Polynomials — Chapter Test | Class 9 IMO

Q1

If x + y + z = 0, then the value of x²/yz + y²/zx + z²/xy is:

Taking the common denominator xyz gives (x³ + y³ + z³)/xyz. Since x + y + z = 0, x³ + y³ + z³ = 3xyz, so the value is 3xyz/xyz = 3.

Q2

Statement A: A binomial can have degree 100. Statement B: A polynomial of degree 1 can have 3 terms. Which is true?

A is true (e.g. x¹⁰⁰ + 1 is a binomial of degree 100). B is false: a degree-1 polynomial has at most 2 terms (ax + b).

Q3

If x + 1/x = 4, then the value of x⁴ + 1/x⁴ is:

x + 1/x = 4 → x² + 1/x² = 16 − 2 = 14. Squaring again: x⁴ + 1/x⁴ = 14² − 2 = 196 − 2 = 194.

Q4

If x² − 1 is a factor of ax⁴ + bx³ + cx² + dx + e, which relation holds?

x = 1 and x = −1 are roots. p(1) = a + b + c + d + e = 0 and p(−1) = a − b + c − d + e = 0; adding/subtracting gives a + c + e = b + d.

Q5

For a circular ring, the area depends on (R² − r²). If R = 101 m and r = 99 m, find R² − r² without squaring.

R² − r² = (R − r)(R + r) = (101 − 99)(101 + 99) = 2 × 200 = 400.

Q6

A metal sheet of dimensions (x + 5) by (x − 5) has area:

(x + 5)(x − 5) = x² − 25 by the identity (a + b)(a − b) = a² − b².

Q7

What is the degree of the zero polynomial?

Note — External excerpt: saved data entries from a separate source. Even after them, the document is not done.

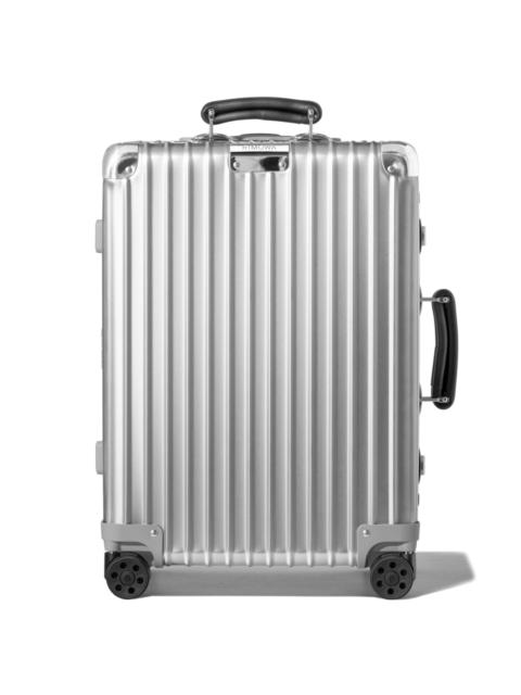 Designed for the most discerning travelers, the RIMOWA Classic Cabin in matte black effortlessly combines luxury with functionality. Rooted in heritage, each RIMOWA Classic features a high-end anodized aluminum alloy, riveted matte black aluminium corners, and hand-made leather handles, creating the perfect balance between craftsmanship and superior engineering. Designed to fit in most airplane overhead compartments, this lightweight aluminum cabin suitcase is ideal for short weekend or business trips of 2-3 days. Designed and engineered in Germany. Includes a complimentary leather luggage tag and sticker set. Key elements TSA-Approved Locks Each of our suitcases features TSA-approved locks that can be opened by security during airline baggage checks without causing any damage. Flex Divider Packed items are kept in perfect order during transit with the height adjustable Flex Divider, which can be adapted to suit your belongings. Multiwheel® System Pioneered by RIMOWA, this high-end system guarantees stable and effortless steering thanks to ball-bearing mounted wheels with cushioned axels. Telescopic Handle Engineered to offer a stageless handle for custom height adjustment and an ergonomic grip with a leather insert on the underside for optimum comfort. Size and Weight Measurement 21,7 x 15,8 x 9,1 INCH Weight 9,5 Lbs Volume 9,5 Gal Materials Outside : Aluminium Inside : Polyester Handles : Leather Wheels: Hard plastic Dividers: Polyester
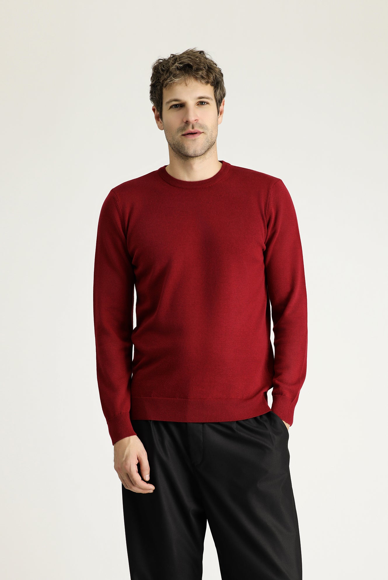 Koyu Kırmızı Bisiklet Yaka Regular Fit Pamuklu Triko Kazak
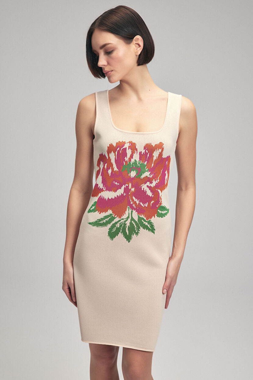 Bej Çicek Desenli Triko Elbise
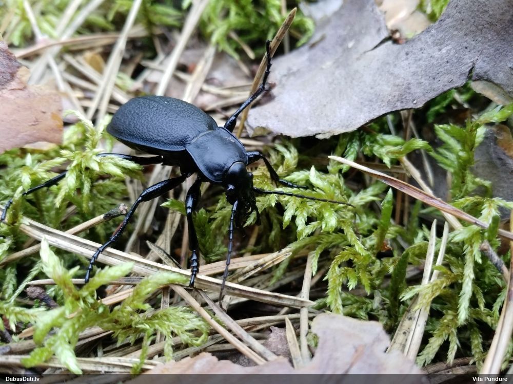 Jāredz tuvāk (kaut vai izkadrēts šis pats attēls) - varbūt tumšā eļļasvabole (Meloe proscarabaeus)
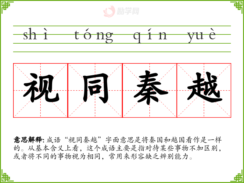 - 演讲:在正式场合,强调对事物的辨别能力时,可以提到“在处理复杂问题时,我们不能视同秦越。”
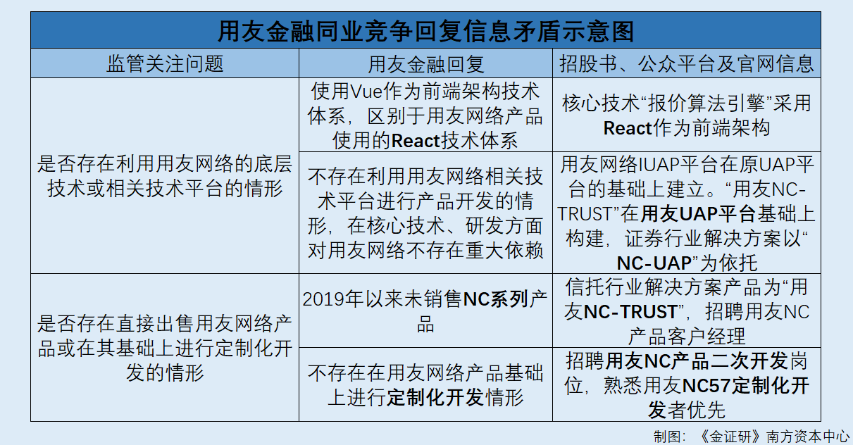 上文提及,监管层还问到用友金融产品开发,是否存在利用用友网络的底层技术或相关技术平台的情形。
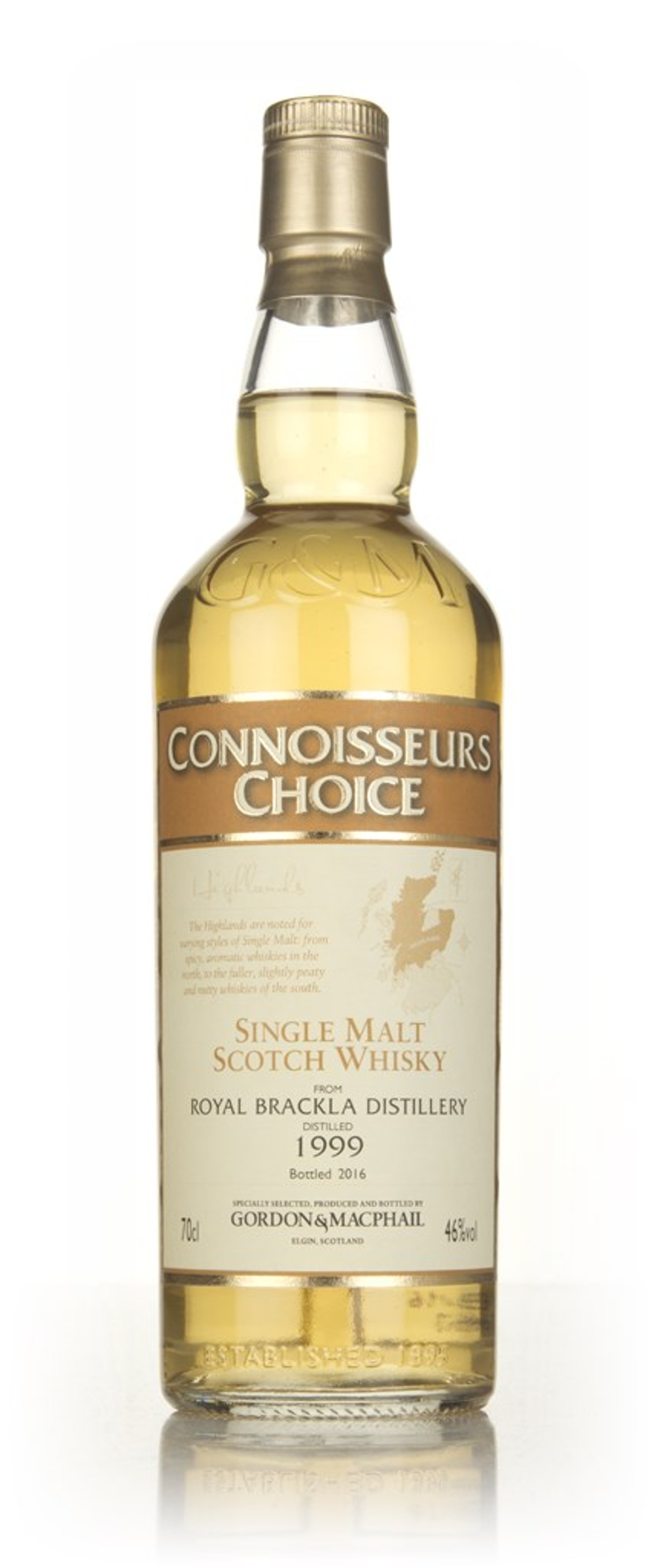 From one of the small handful of Scotch whisky distilleries with a Royal Warrant - Royal Brackla - comes a 1999 vintage single malt, independently bottled by Gordon & MacPhail in 2016 for the Connoisseurs Choice range.

A non-zero constant polynomial has degree 0, but the degree of the zero polynomial is not defined.

Q8

Using Pascal's Triangle, what is the sum of the coefficients in the expansion of (x + y)⁵?

Put x = 1 and y = 1: (1 + 1)⁵ = 2⁵ = 32.

Q9

The factorisation of x² − 5x − 6 is:

Split the middle term: x² − 6x + x − 6 = x(x − 6) + 1(x − 6) = (x − 6)(x + 1).

Q10

If both (x + 1) and (x − 1) are factors of ax³ + x² − 2x + b, find a and b.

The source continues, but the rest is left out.